In order to lift a weight, muscular force must exceed the downward force of a load. The opposite occurs when you lower a weight – motor units are turned off until the downward force of the load is greater than the muscular force acting upon it. With less motor units active, greater tension and more damage occurs to the remaining muscle fibers, which prompts hypertrophy but may cause soreness in the process.
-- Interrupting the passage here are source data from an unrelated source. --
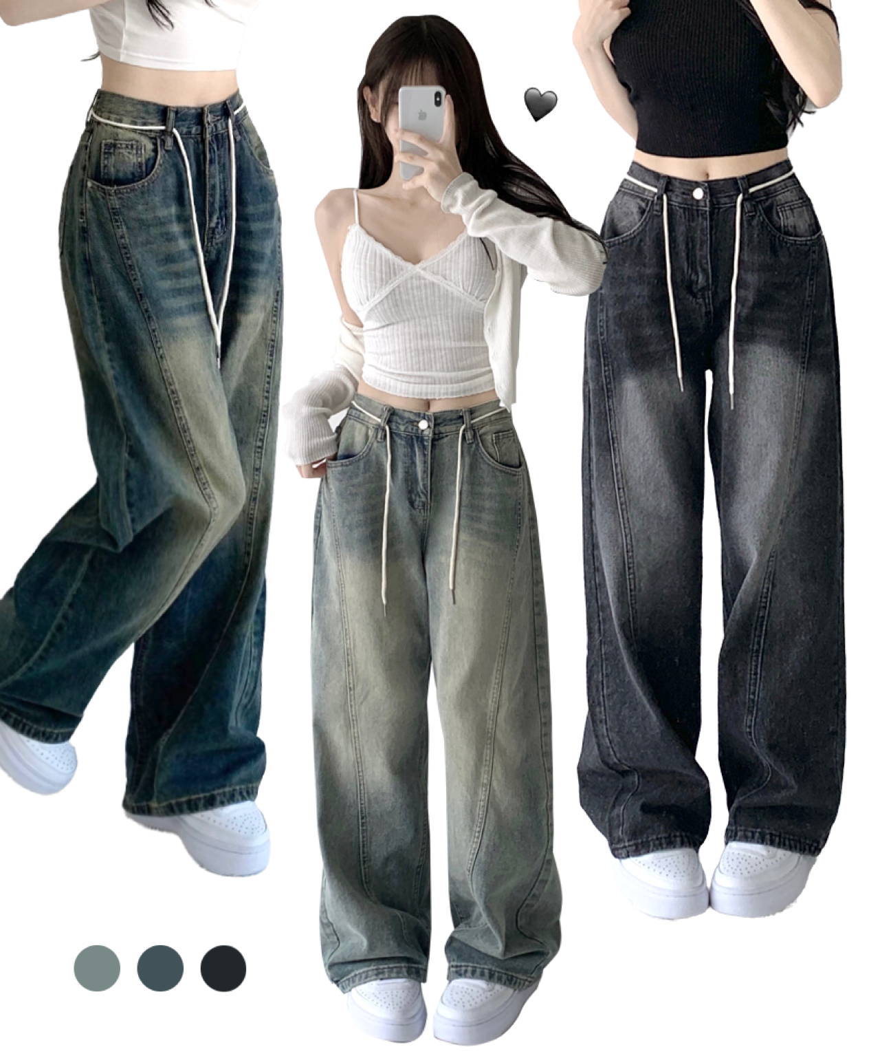 [색감깡패🖤/끈탈부착O] 미드나잇 뒷밴딩 스트링 스트랩 하이웨스트 절개라인 빈티지 워싱 롱 와이드 데님/팬츠/밴딩바지/청바지/사계절청바지/밴딩청바지/여자청바지/와이드팬츠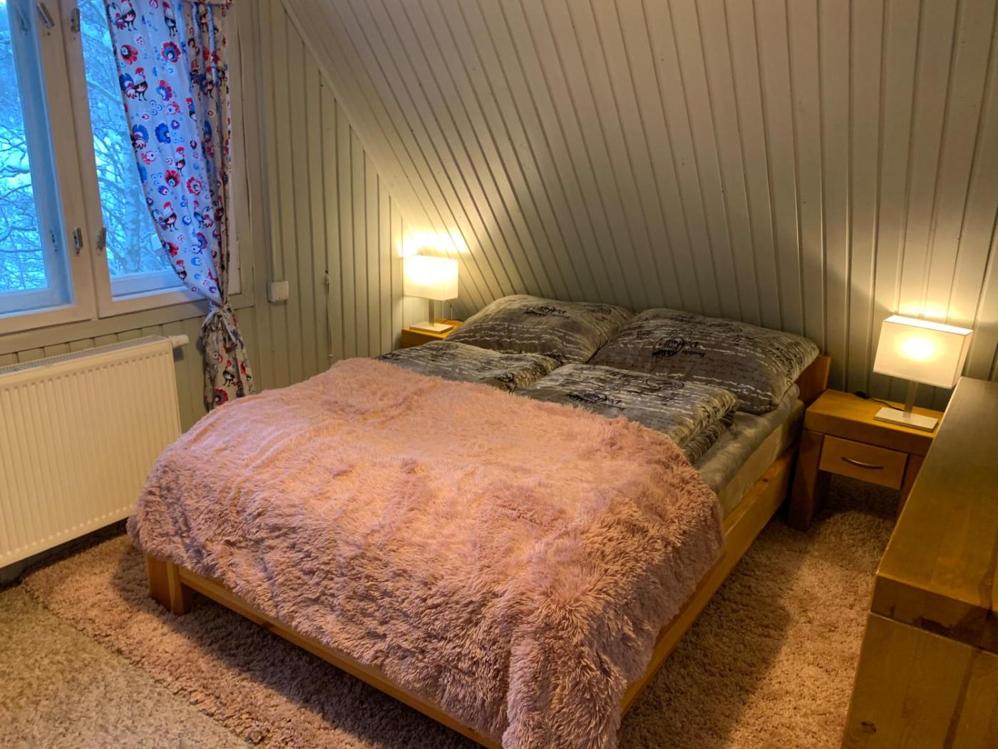 Dom z 2 sypialniami. Featuring a private entrance, this holiday home is comprised of 1 living room, 2 separate bedrooms and 1 bathroom with a walk-in shower and a hairdryer. Guests will find a stovetop, a refrigerator, kitchenware and an oven in the kitchen. The holiday home also has a barbecue. Boasting a terrace with garden views, this holiday home also offers a tea and coffee maker and a flat-screen TV with cable channels. The unit offers 5 beds. Dom wakacyjny - 8 osobowy. Powierzchnia pokoju ok.: 70 mkw.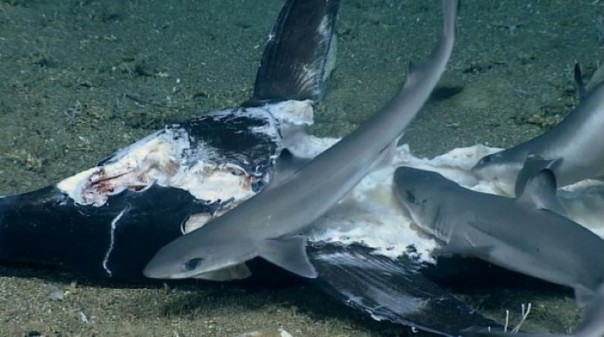 В один из дней погружение проводилось в 130 километрах от побережья Южной Каролины. На глубине около 450 метров была снята захватывающая сцена. Сначала в кадр попала группа колючих акул (катранов) двух видов: Squalus clarkae и Centroscymnus owstonii, поедающих останки 2,5-метровой меч-рыбы. Причина её гибели не известна, но поблизости не заметили рыболовных снастей, так что не исключено, что рыба умерла от болезни или старости.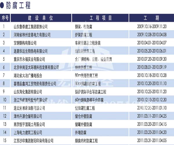 资质齐全 具有建筑工程施工总承包壹级资质、防水防腐保温工程专业承包壹级资质,钢结构专业承包贰级,公司整体通过了质量管理体系认证... 了解详情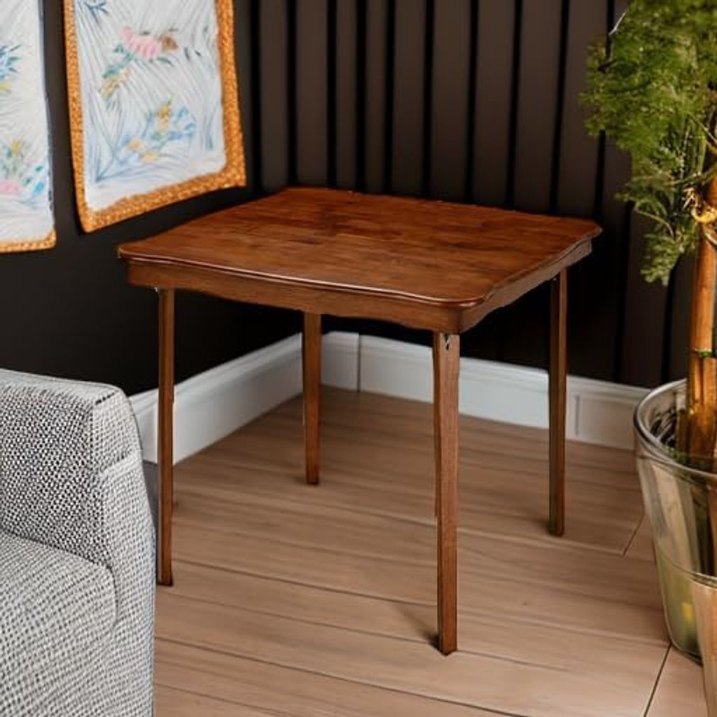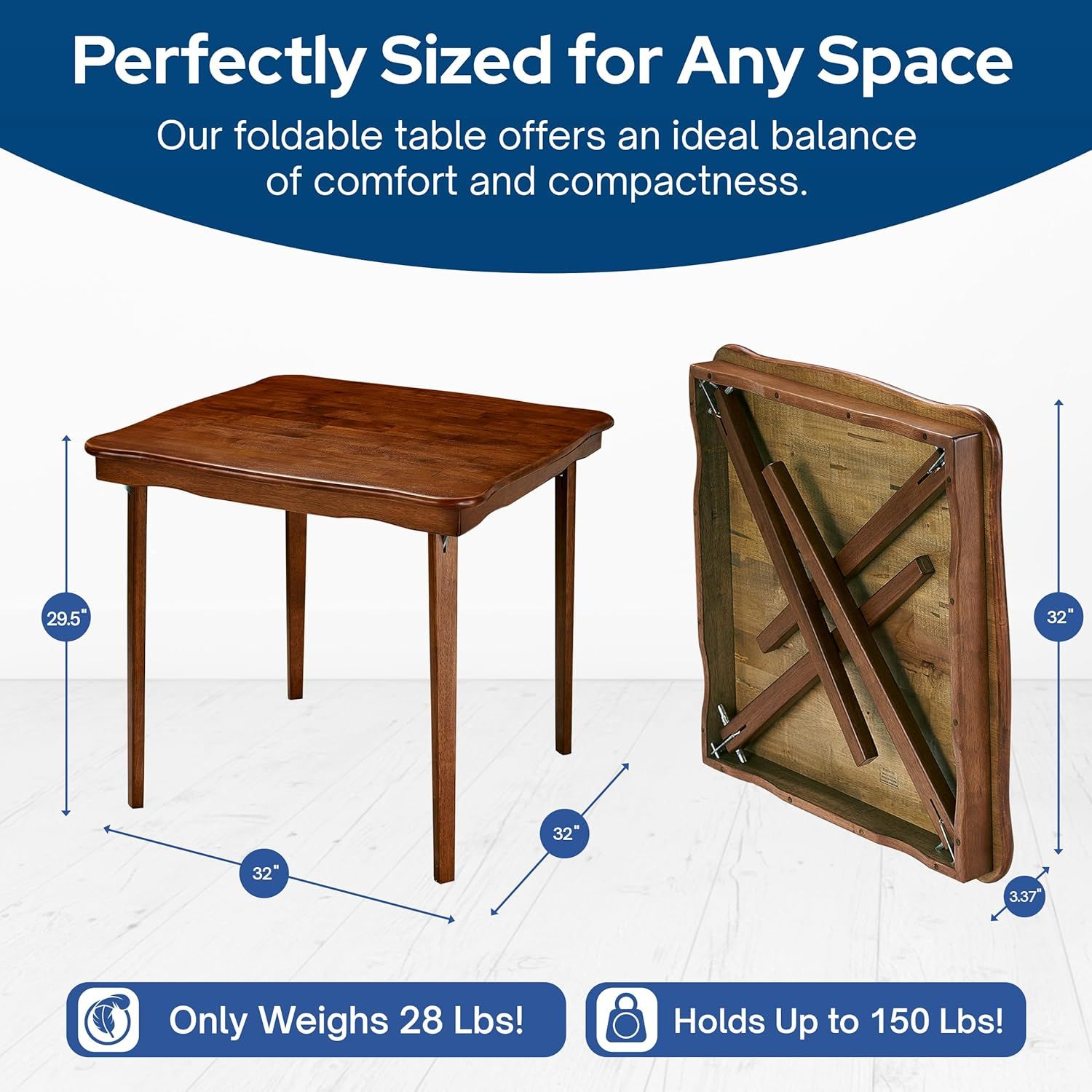Meco Stakmore Stylish Durable Versatile Square Solid Wood Scalloped Edge Compact Folding Traditional Card Table for Home Use, Cherry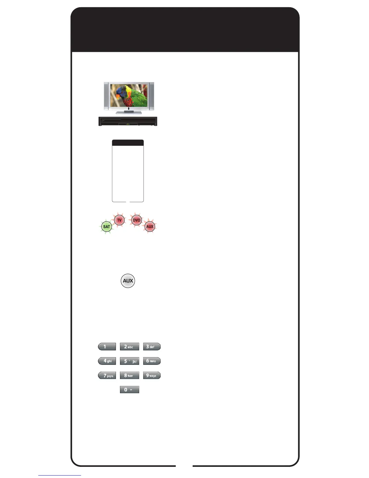 Note: If programming a second TV in AUX mode, press 0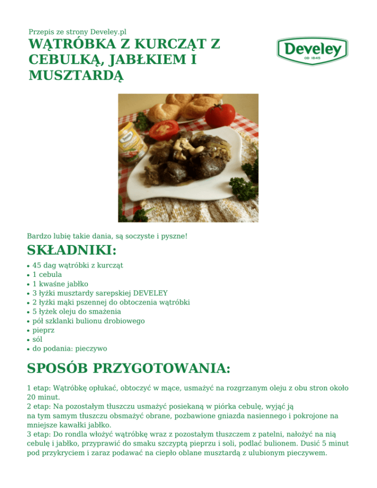 Przepis ze strony Develey.pl WĄTRÓBKA Z KURCZĄT Z CEBULKĄ, JABŁKIEM I MUSZTARDĄ Bardzo lubię takie dania, są soczyste i pyszne! SKŁADNIKI: ● ● ● ● ● ● ● ● ● ● 45 dag wątróbki z kurcząt 1 cebula 1 kwaśne jabłko 3 łyżki musztardy sarepskiej DEVELEY 2 łyżki mąki pszennej do obtoczenia wątróbki 5 łyżek oleju do smażenia pół szklanki bulionu drobiowego pieprz sól do podania: pieczywo SPOSÓB PRZYGOTOWANIA: 1 etap: Wątróbkę opłukać, obtoczyć w mące, usmażyć na rozgrzanym oleju z obu stron około 20 minut. 2 etap: Na pozostałym tłuszczu usmażyć posiekaną w piórka cebulę, wyjąć ją na tym samym tłuszczu obsmażyć obrane, pozbawione gniazda nasiennego i pokrojone na mniejsze kawałki jabłko. 3 etap: Do rondla włożyć wątróbkę wraz z pozostałym tłuszczem z patelni, nałożyć na nią cebulę i jabłko, przyprawić do smaku szczyptą pieprzu i soli, podlać bulionem. Dusić 5 minut pod przykryciem i zaraz podawać na ciepło oblane musztardą z ulubionym pieczywem.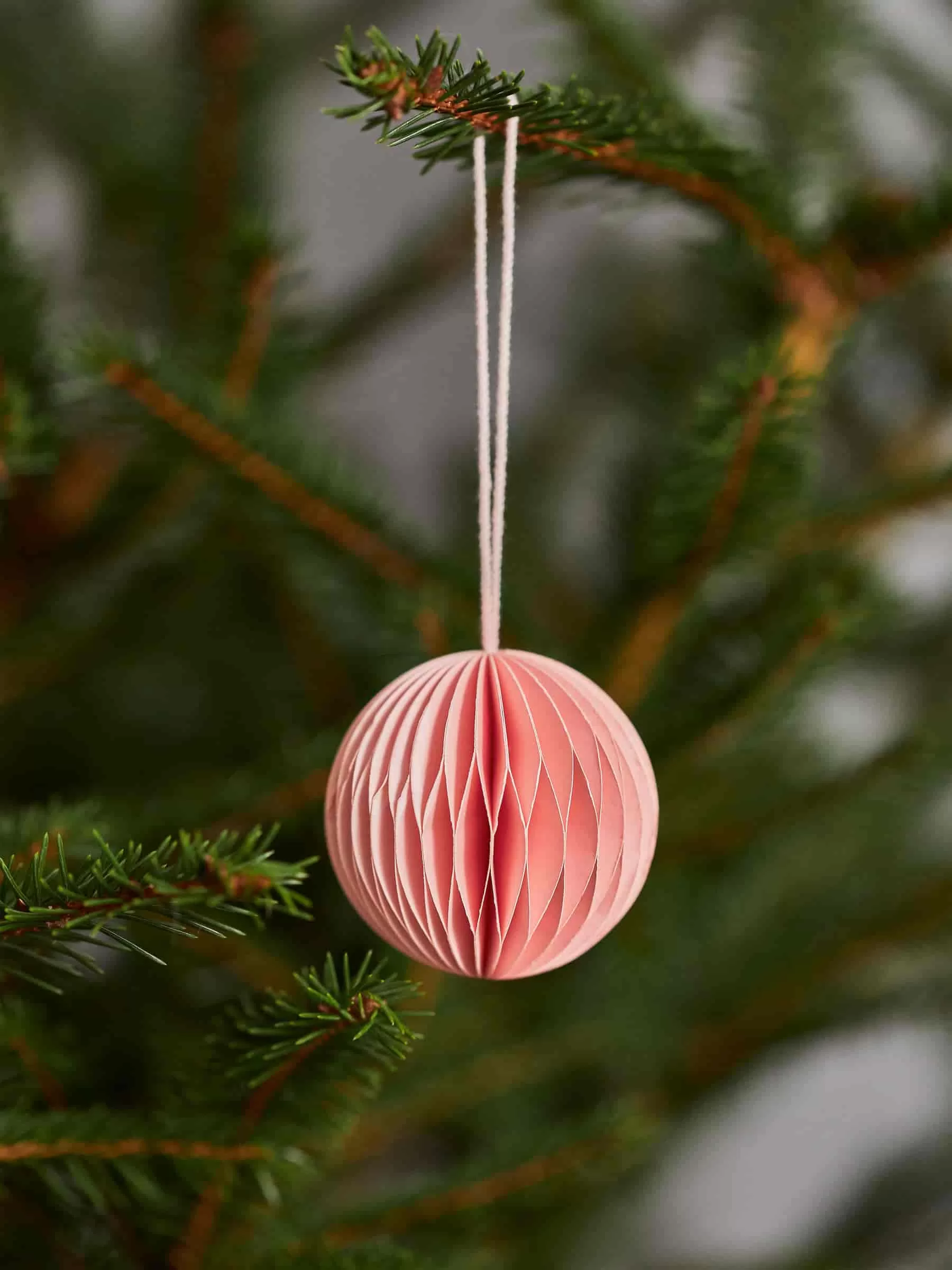 Wabenornamente, handgefertigt aus stabilem Papier. Eine Baumwollschnur zum einfachen Aufhängen. Zweier-Set. Durchmesser 5 cm.

Eccentric loading can be reduced and even eliminated with the use of elastic assistance (e.g., a reverse-band setup on the squat, bench press, or chin-up), sleds, medicine balls, partner assistance, and in some cases by dropping the bar if using bumper plates. A useful method for beginners to avoid muscle soreness involves introducing eccentrics in a progressive manner as demonstrated below:
Week 1 – 100% concentric, 0% eccentric
Week 2 – 100% concentric, 50% eccentric
Week 3 – 100% concentric, 100% eccentric (normal ratio)
For example, assume a beginner was to perform two sets of the seated cable pulldown exercise. During the first week, the trainee will pull the bar to their chest (the concentric action) while their partner returns the bar to the initial position (the eccentric action) for every repetition of both sets. During the second week, the trainee performs both the concentric and eccentric action for the first set only; the second set is conducted with partner assistance on the eccentric action. During the third week and on, the trainee now performs both the concentric and eccentric action for every repetition of both sets. Dr. Tudor Bompa, considered by many as the father of periodization, believes this strategy will help personal trainers retain new clients since it deters soreness.